**DATASET CONTENT:**
##########

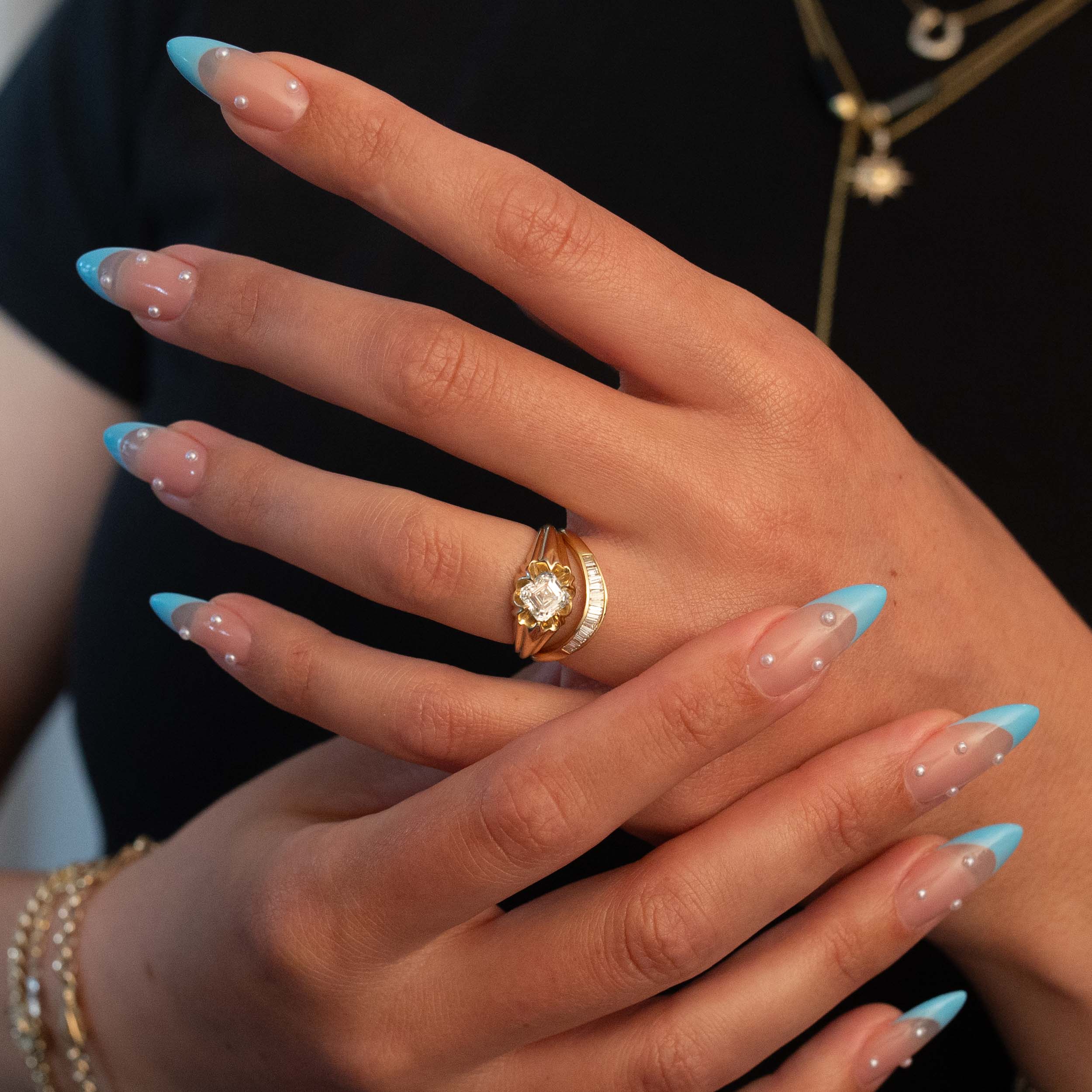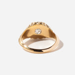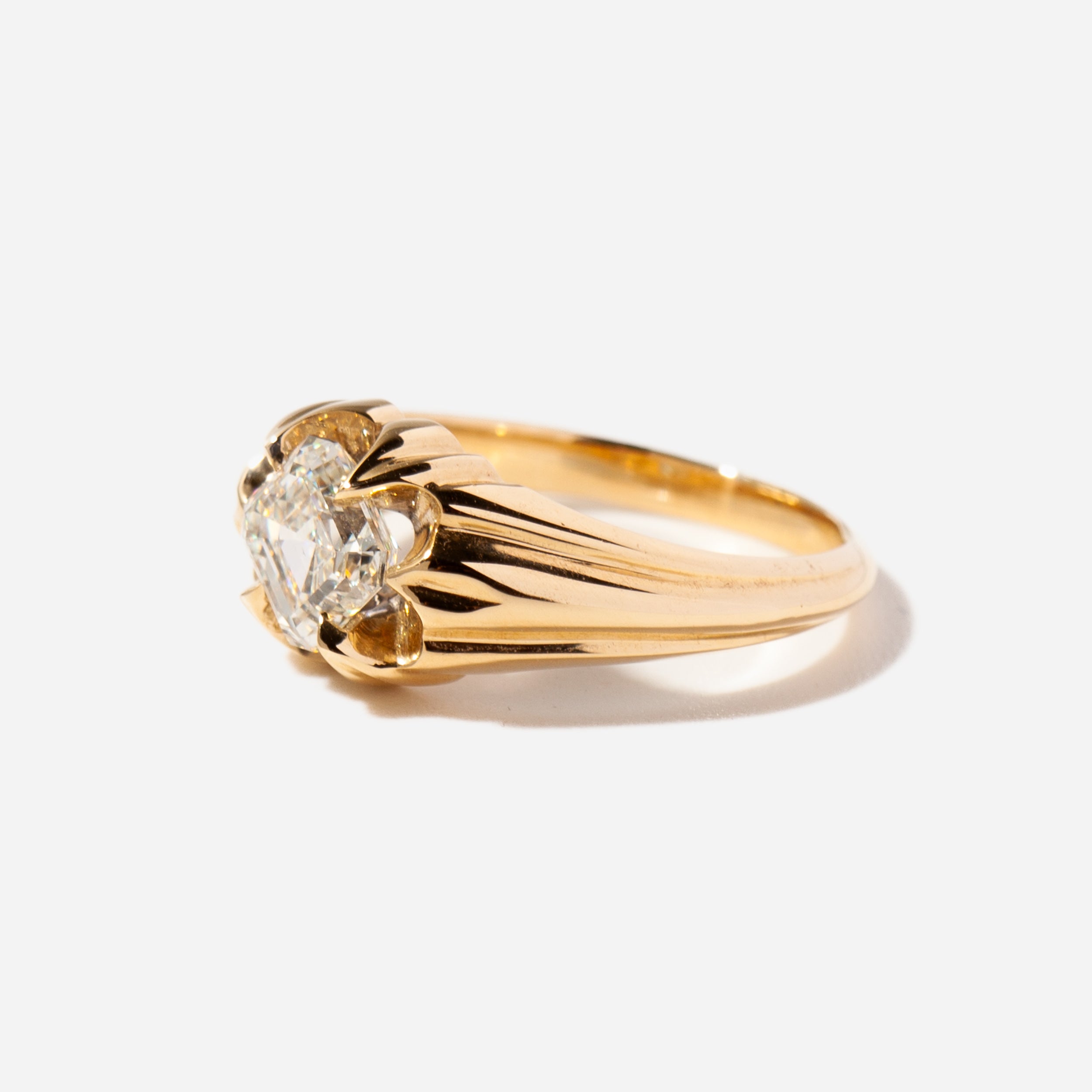 Inspired by the antique belcher style, which originated in the 1800s, this gorgeous ring features a center stone held by prongs which are cut out of the shank. The shape of the prongs cut out of the setting give it a unique flower-like appearance.
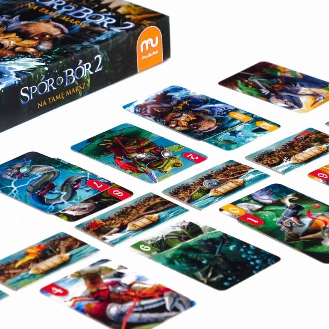 Spór o Bór 2: Naprzód na tamę to emocjonująca gra karciana dla dwóch graczy, w której liczą się strategiczne decyzje i zdrowa rywalizacja. Jeden gracz próbuje uszkodzić tamy, podczas gdy drugi musi odeprzeć atak. Gra oferuje trzy warianty: standardowy, „rewanż” z zamianą ról oraz wariant z kartami taktycznymi dla doświadczonych graczy.
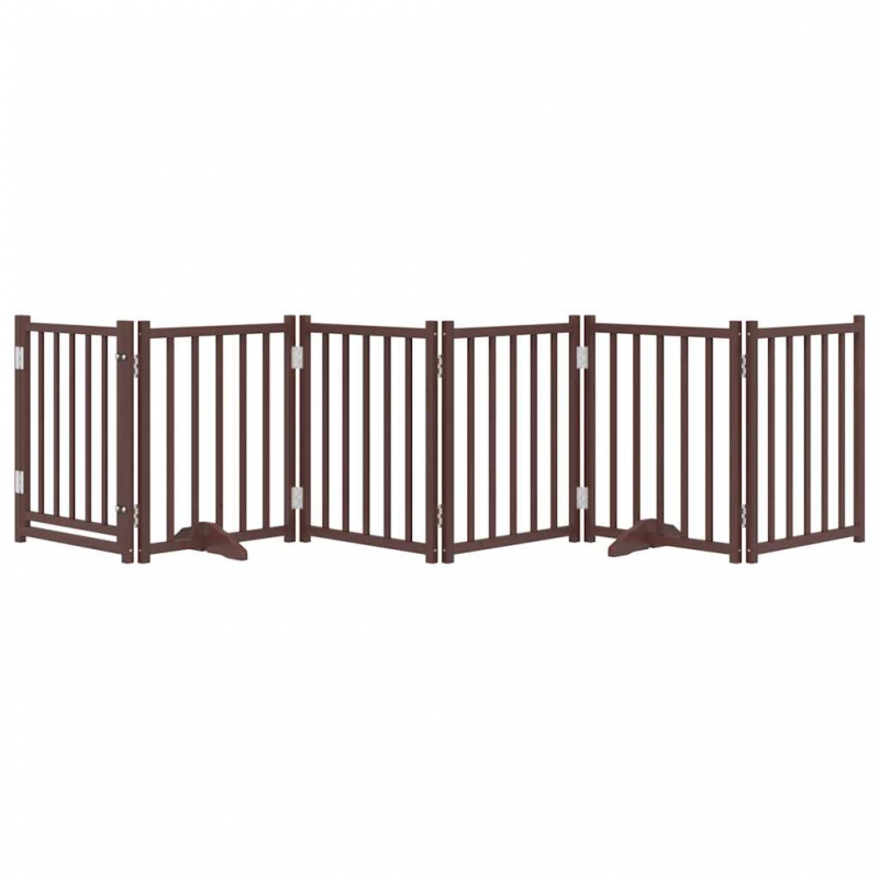6-tlg. Hundetor mit Tür Faltbar Braun Eiche 300 cm Tannenholz
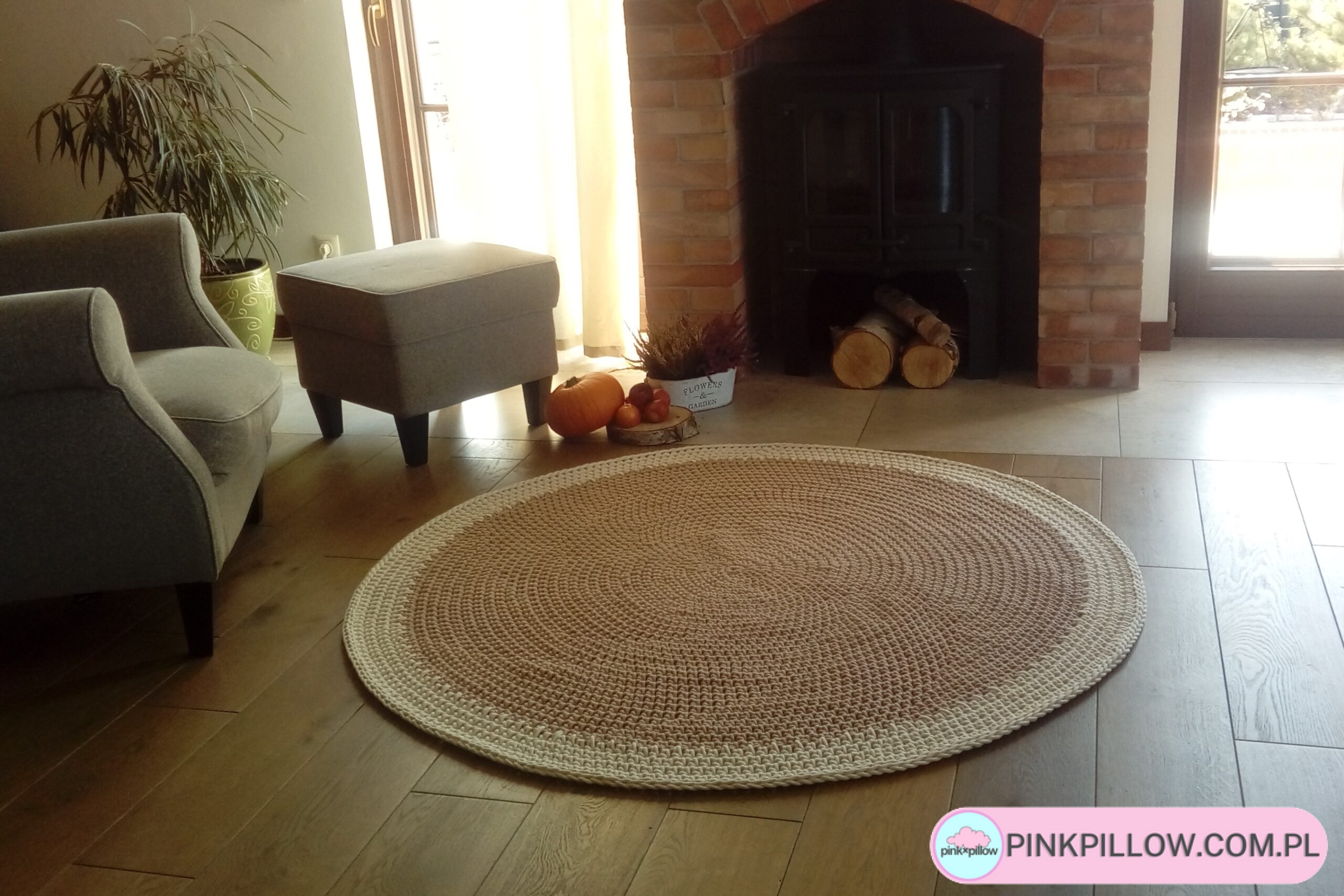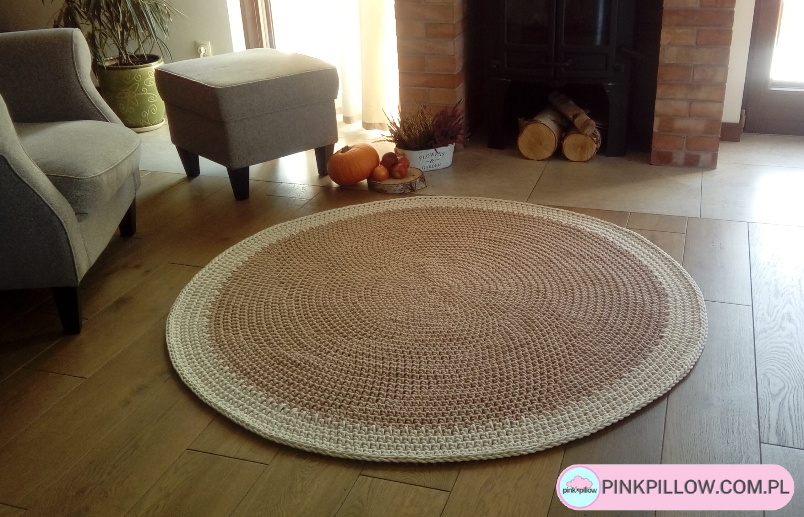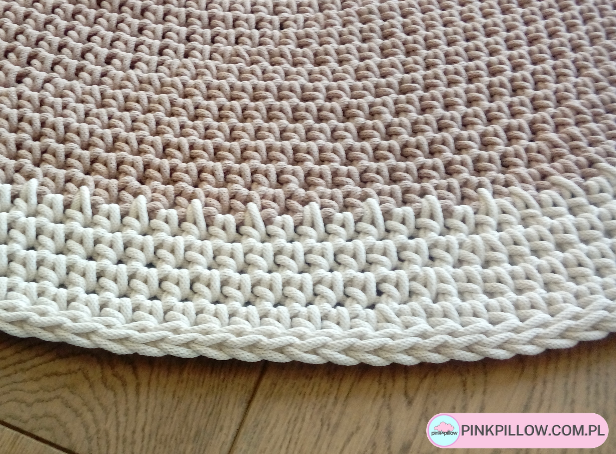 Dywan wykonany ręcznie gęstym splotem. Dywan jest dwustronny, dobrze przylega do podłogi. Ozdobi każde wnętrze, zarówno nowoczesne jak i tradycyjne. Zastosowany materiał – 5 mm sznurek w 100% bawełniany, bezpieczny również dla alergików. Łatwy w utrzymaniu w czystości, można prać w temp. 30 st.

##########

**WORK REQUIRED:**
Leave out the pictures, and please output only the lines from the line that contains "6-tlg. Hundetor mit" through the end of the data, both ends included.

**TASK RESULT:**
6-tlg. Hundetor mit Tür Faltbar Braun Eiche 300 cm Tannenholz
 Dywan wykonany ręcznie gęstym splotem. Dywan jest dwustronny, dobrze przylega do podłogi. Ozdobi każde wnętrze, zarówno nowoczesne jak i tradycyjne. Zastosowany materiał – 5 mm sznurek w 100% bawełniany, bezpieczny również dla alergików. Łatwy w utrzymaniu w czystości, można prać w temp. 30 st.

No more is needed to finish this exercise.